Coring in 12 years (the timespan of the game) in the 20th century (when very, very few nations have successfully "cored" areas, even when given far longer time periods to do it - the 20th and 21st centuries have tended towards fragmentation of states rather than nations becoming larger) feels too rare to me (ie, just my opinion) to be worth a mechanic. I can't think of a single successful example of what we'd think of as coring in the 1936-48 timeframe. If you can think of something, then post it up and it might be a useful case study for developing the mechanic around.
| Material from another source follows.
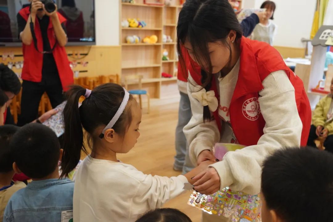 幼儿园小朋友们看到身穿红马甲的大哥哥、大姐姐们也十分欣喜,williamhill英国的志愿者们贴心的为小朋友们送去了卡通贴纸,

At the end of the war, Germans were expelled from East Prussia, Silesia, East Pomerania and parts of Czechoslovakia. The USSR and Poland split East Prussia between them, Poland took control of Silesia and East Pomerania etc. You could consider this to be a form of "coring" - the original German populations were removed, other new populations moved in. This is probably the closest thing I can think of to "coring" - in the sense that the territory had very few or no people left to resist the new government, and the new populations were loyal to their homeland. The USSR and Poland also had a population exchange for Poles, Ukrainians and Belorussians who were on the "wrong side" of the Curzon line (the new dividing line between Poland and the USSR, after East Poland was conquered by the USSR in 1939).
The territory gained by the Belorussian and Ukranian SSRs remain the territory of their successor states today. Kaliningrad Oblast is a territory of the Russian Federation. The border between Poland and Germany is not controvertial, and remains what it was at the end of WWII (with the exception that East and West Germany unified, obviously). I believe there were lesser expulsions and exchanges in Hungary, the Baltic States, Romania, the Netherlands and so on. The modern states of Europe are HIGHLY homogeneous compared to their Pre-WWI, and even Pre-WWII states.
The problem, of course, is that HoI4 is not going to model ethnic cleansing, even if it is in a "gentle" form, i.e. population exchange (which is still highly distressing and undesirable to the families who get forcibly relocated and lose their homes). And it is CERTAINLY not going to model what the Germans intended to do if they were victorious in the east.